Directions for this task
Exact copy, no pictures: set down the lines from the one holding "人们在位于山东省寿光市的寿光蔬菜高科技示范园内参观(5月23日摄)。 新华社记者 徐速绘" through the final line of the records below.

Segment Start: Working data

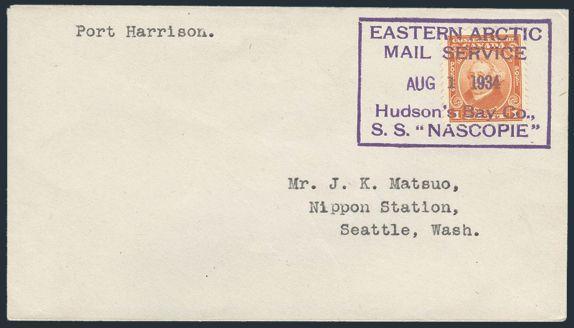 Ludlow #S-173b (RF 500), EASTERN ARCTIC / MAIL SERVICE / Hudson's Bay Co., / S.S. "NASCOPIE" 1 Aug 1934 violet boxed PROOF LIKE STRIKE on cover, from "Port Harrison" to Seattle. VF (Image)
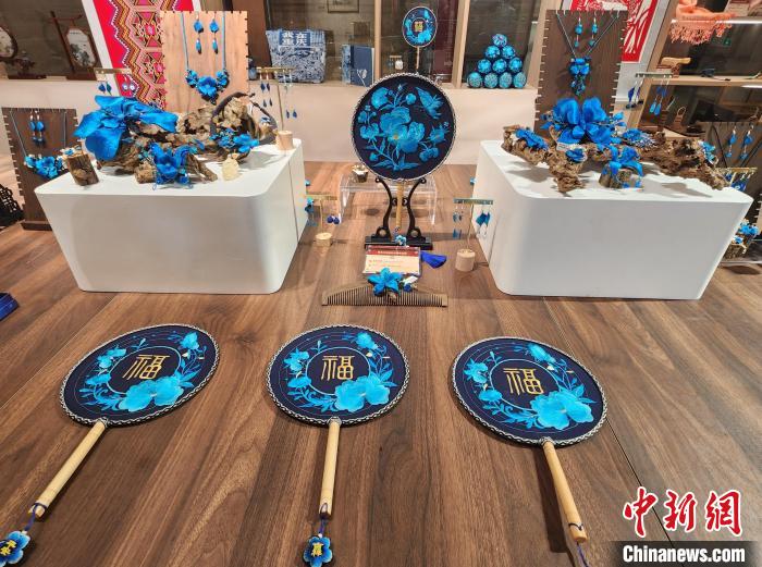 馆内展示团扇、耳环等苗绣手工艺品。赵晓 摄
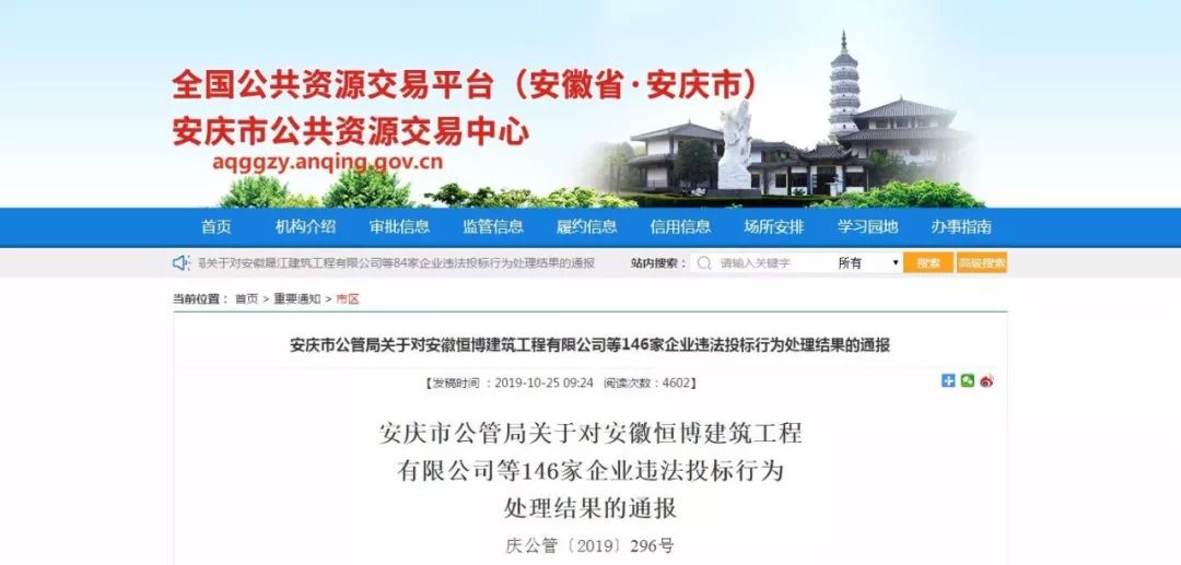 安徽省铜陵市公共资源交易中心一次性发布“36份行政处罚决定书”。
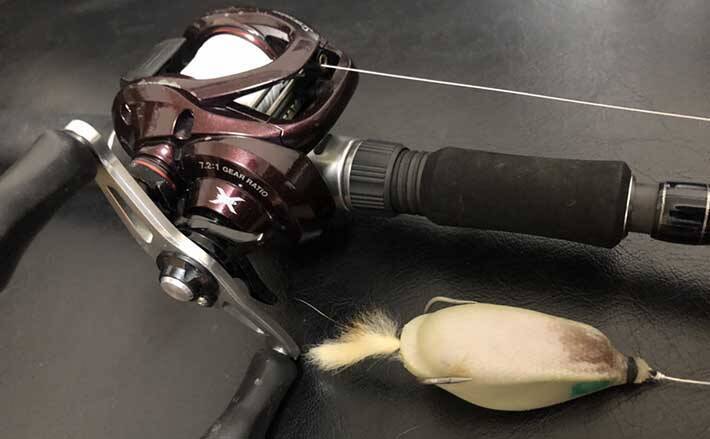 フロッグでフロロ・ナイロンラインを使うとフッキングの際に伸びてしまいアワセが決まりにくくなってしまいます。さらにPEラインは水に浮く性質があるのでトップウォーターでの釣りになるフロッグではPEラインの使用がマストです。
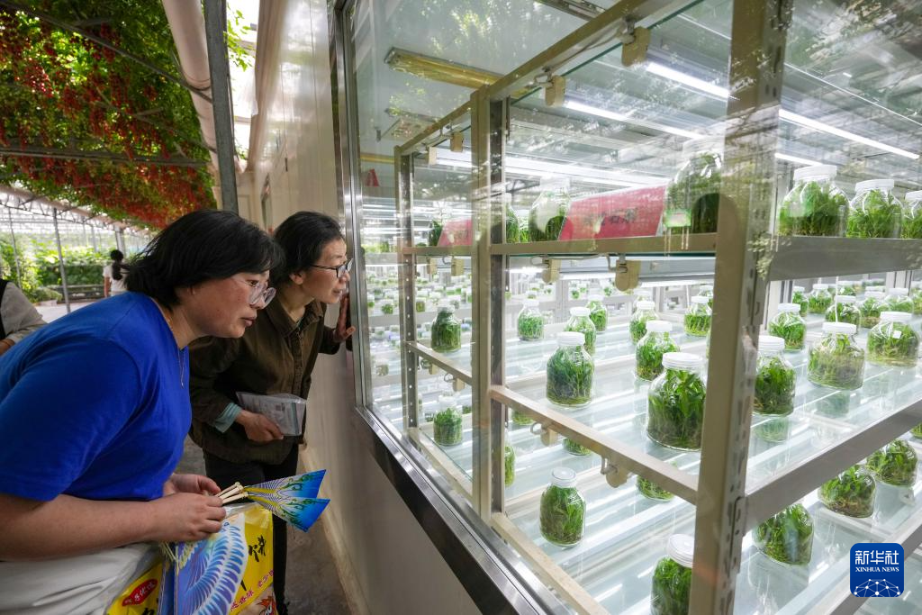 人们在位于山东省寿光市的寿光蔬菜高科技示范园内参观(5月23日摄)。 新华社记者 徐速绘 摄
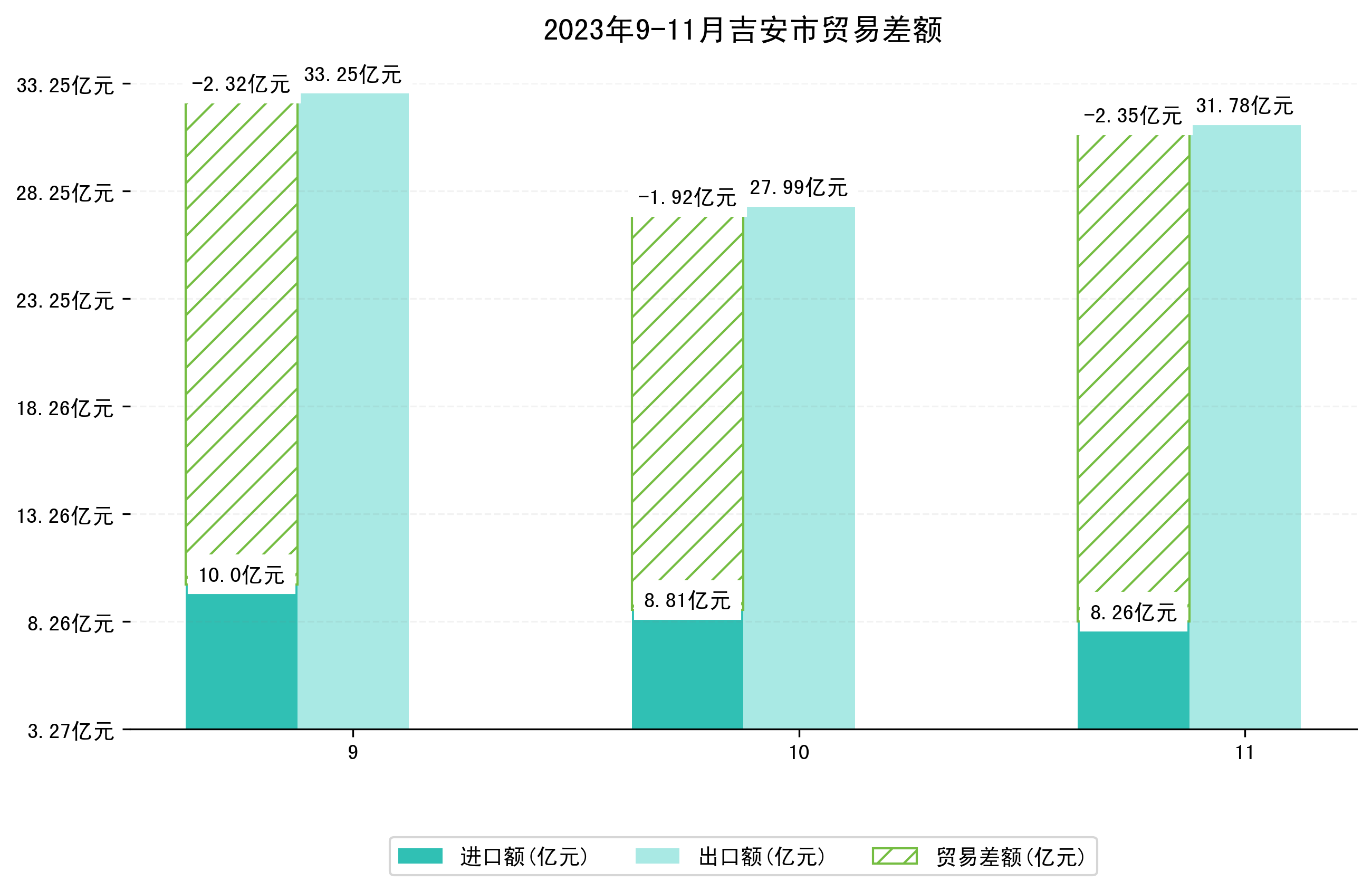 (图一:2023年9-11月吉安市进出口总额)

Segment End: Working data

Your response
 人们在位于山东省寿光市的寿光蔬菜高科技示范园内参观(5月23日摄)。 新华社记者 徐速绘 摄
 (图一:2023年9-11月吉安市进出口总额)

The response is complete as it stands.